Freetown, Baby!

The Hummer Index by jc2010sl
March 29, 2011, 8:06 am
Filed under: Uncategorized | Tags: ,

African capitals are like buses it seems; you wait a year for one, and then 2 come along. Hot on the heels of my trip to Monrovia last weekend I’ve now hopped up the coast in the other direction, to Conakry, the capital of Guinea. While Liberia had an unmistakably American air, Guinea belies its status as a former French colony, not matter how prominent it was in asserting a proudly independent African identity. The first signs are the cars; instead of Nissans, a good number of the taxis are Renaults. And then there are the small details; the unmistakably French style of street signs, baguettes for sale on the road side, and people playing boules in the shade.

The other thing that struck me after travelling several countries so close together, has been how quick I and my travelling companions are to assess the level of “development” and the examples we cite to support our assertions. Of course, the development industry has a whole host of metrics, indicators and indicies devoted to the subject. Our reflections, it must be said, are a little less scientific!

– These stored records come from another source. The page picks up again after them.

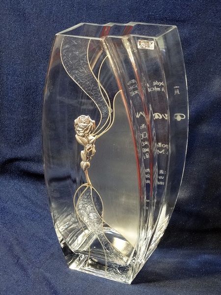 Pamiątka z okazji obchodów jubileuszu szkoły w postaci zdobionego szklanego wazonu Alina z ozdobną srebrną różą i grawerem.
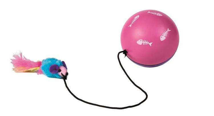 Koty to prawdziwi łowcy. Ten naturalny instynkt często daje o sobie znać podczas zabawy. Zabawka Trixie Turbinio to plastikowa piłka z silnikiem i myszką na sznurku - dodatkowo pobudza, zapewniając Twojemu kotu długie godziny wspaniałych harców! Po uruchomieniu różowa piłka toczy się w różnych, przypadkowych kierunkach ciągnąc za sobą kolorową myszkę z pierzastym ogonem. Takie rozwiązanie sprawia, że pluszowa zabawka wygląda jakby była żywa, zachęcając kota do pogoni i zabawy. Do piłeczki można przyczepić dowolny gadżet, co pozwoli Twojemu pupilowi uniknąć monotonii. Zabawka marki Trixie jest zasilana baterią – „paluszkiem” AA (brak baterii w zestawie).
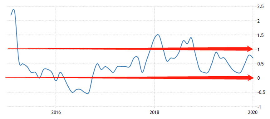 最近五年来,日本的CPI大部分时间处于0%~1%区间之内,中指0.5%,远低于健康通胀水平。安倍经济学的缔造者——安倍晋三——曾经说过:日本央行的目标是摆脱通缩。摆脱通缩的主要方法,安倍看来,就是施行超级量化宽松(QQE)政策,开动印钞机,不断向市场提供低息贷款。通过QQE政策,逼迫日元贬值,进而提高日本商品的出口竞争力,进而助推日本经济的增长。这也就是安倍经济学的三板斧:一、无限量印刷并投放钞票;二,大规模政府举债支出;三,促使日元持续贬值,获得商品出口竞争力。
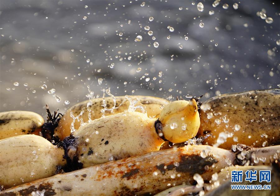 11月18日拍攝的蓮藕。初冬時節(jié),河北省唐山市曹妃甸蓮藕豐收,工人們在結冰之前忙著采收蓮藕。新華社記者邢廣利攝

The most obvious signs of wealth in the country are the state of infrastructure; roads, buildings and railways (if you’re so lucky). But these often reflect a benefits accruing to a rather narrow elite. I was struck for instance to see a train track by the side of the road on the way from the airport. “Do the trains run?” I asked the driver, “Yes,” he said, “delivering bauxite.” Sure enough, the next day I saw 10 or so huge containers rolling into the city, presumably loaded with ore. But there are other signs that give a hint of how much of this wealth has trickled down; public transport for example. Immediately striking on entering Liberia and Guinea was how many fewer motorbike taxis there are, and the better condition of car taxis compared to Sierra Leone. The other indicator is an even smaller detail: the cigarette. Maybe it’s the French cultural influence again, but I’m sure I’ve spotted far more Guineans (or Conakrians I should say) puffing away than I ever encounter in Salone.

But perhaps the most striking indicator proposed by my colleague was the “Hummer index”, which charts development against the length of vehicle. By this measure, Guinea wins hands down.